RECORDED INFORMATION section start

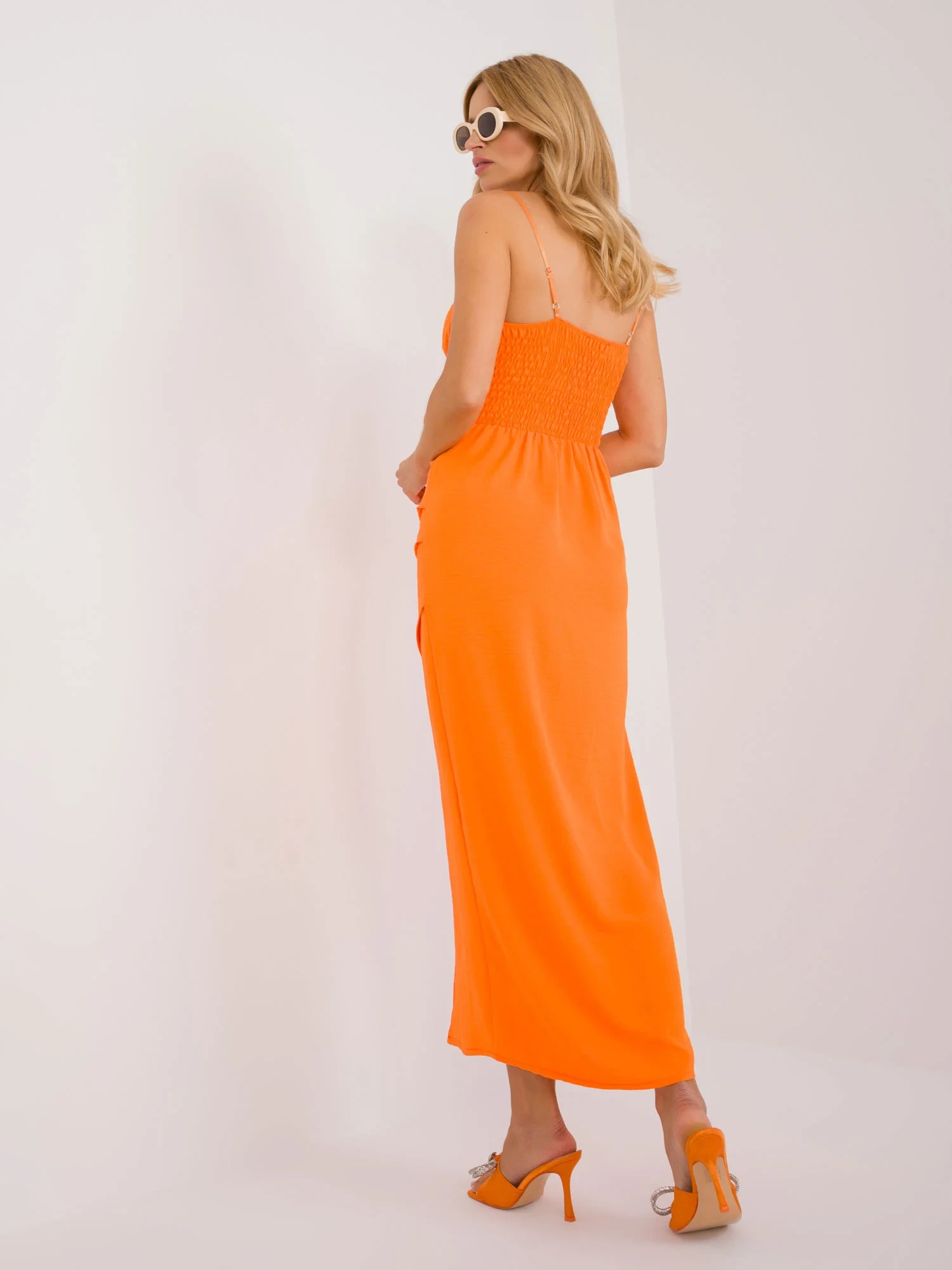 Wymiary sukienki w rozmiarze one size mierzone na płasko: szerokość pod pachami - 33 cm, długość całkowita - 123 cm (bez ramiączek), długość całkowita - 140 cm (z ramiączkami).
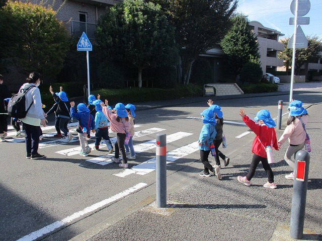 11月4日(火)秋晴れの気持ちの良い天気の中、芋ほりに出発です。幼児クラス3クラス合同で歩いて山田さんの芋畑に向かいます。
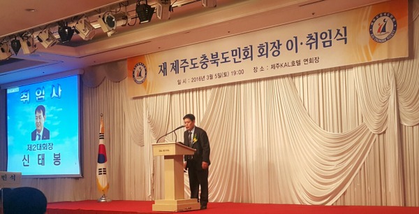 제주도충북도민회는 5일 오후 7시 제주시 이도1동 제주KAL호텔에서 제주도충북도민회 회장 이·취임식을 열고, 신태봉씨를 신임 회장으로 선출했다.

RECORDED INFORMATION section end
RECORDED INFORMATION section start

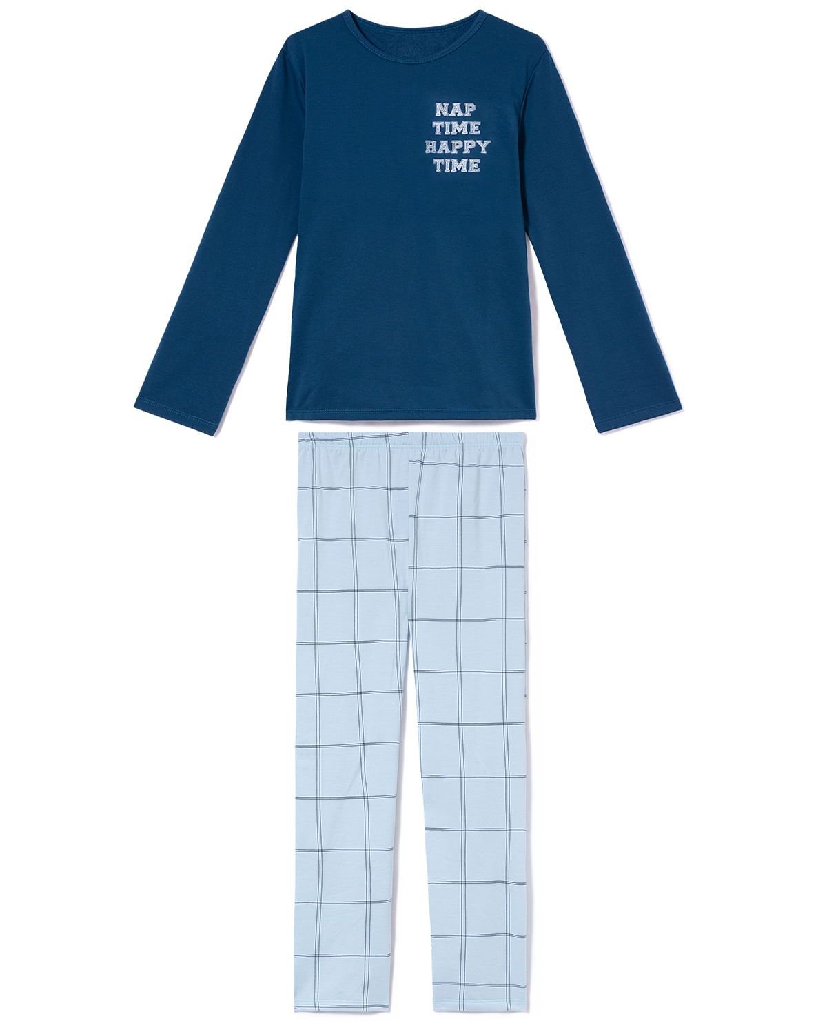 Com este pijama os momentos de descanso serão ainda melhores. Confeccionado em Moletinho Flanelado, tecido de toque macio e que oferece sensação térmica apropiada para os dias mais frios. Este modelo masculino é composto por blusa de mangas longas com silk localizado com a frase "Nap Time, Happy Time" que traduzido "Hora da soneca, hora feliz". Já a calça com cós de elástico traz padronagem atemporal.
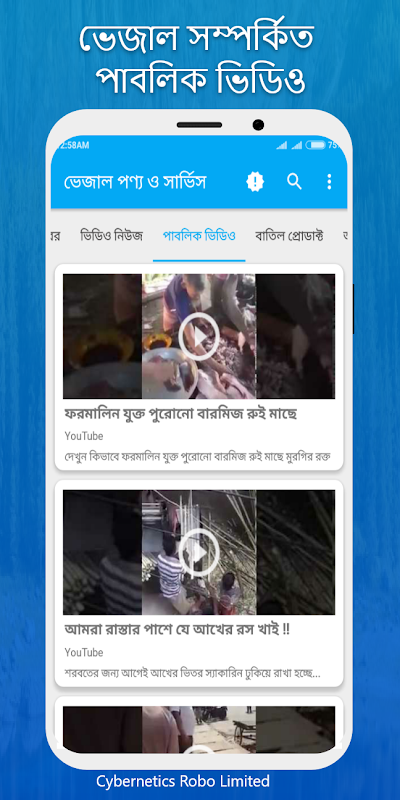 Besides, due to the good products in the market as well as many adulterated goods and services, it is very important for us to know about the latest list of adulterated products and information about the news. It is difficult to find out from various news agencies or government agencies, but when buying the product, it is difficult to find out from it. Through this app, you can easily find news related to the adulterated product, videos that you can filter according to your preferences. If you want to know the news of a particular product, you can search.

RECORDED INFORMATION section end
RECORDED INFORMATION section start

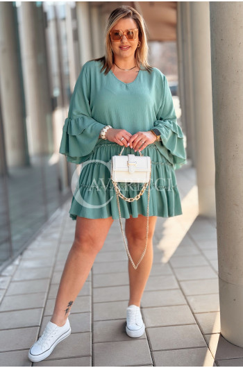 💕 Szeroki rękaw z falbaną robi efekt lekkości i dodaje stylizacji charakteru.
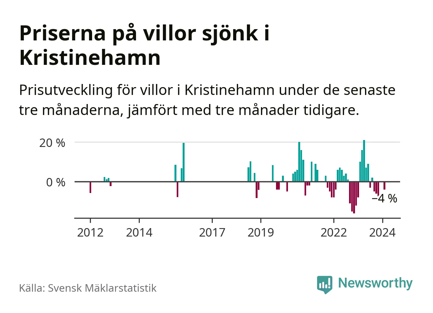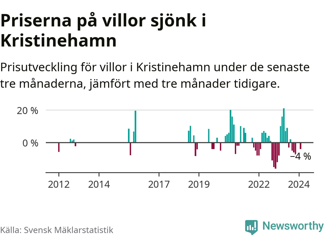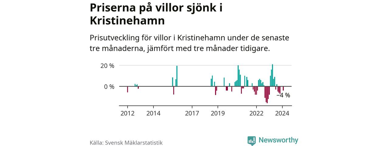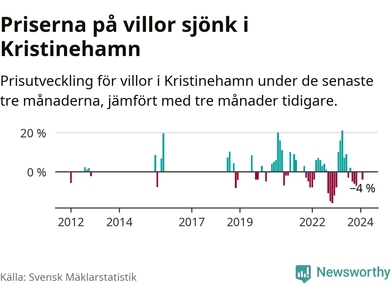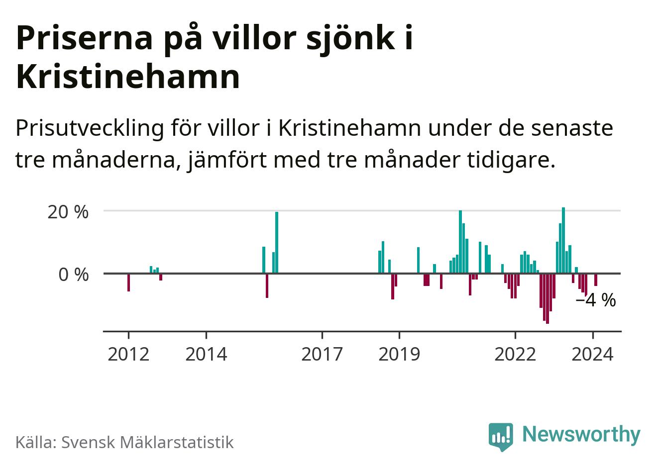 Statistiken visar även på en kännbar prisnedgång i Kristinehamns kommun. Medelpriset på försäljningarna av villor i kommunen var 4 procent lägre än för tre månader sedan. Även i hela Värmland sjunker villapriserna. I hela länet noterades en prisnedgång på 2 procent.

RECORDED INFORMATION section end

WORK REQUEST. Repeat exactly, and only, the entries from the line with "Wymiary sukienki w" through the line with "제주도충북도민회는 5일 오후". Pictures are skipped.

ANSWER AREA.
 Wymiary sukienki w rozmiarze one size mierzone na płasko: szerokość pod pachami - 33 cm, długość całkowita - 123 cm (bez ramiączek), długość całkowita - 140 cm (z ramiączkami).
 11月4日(火)秋晴れの気持ちの良い天気の中、芋ほりに出発です。幼児クラス3クラス合同で歩いて山田さんの芋畑に向かいます。
 제주도충북도민회는 5일 오후 7시 제주시 이도1동 제주KAL호텔에서 제주도충북도민회 회장 이·취임식을 열고, 신태봉씨를 신임 회장으로 선출했다.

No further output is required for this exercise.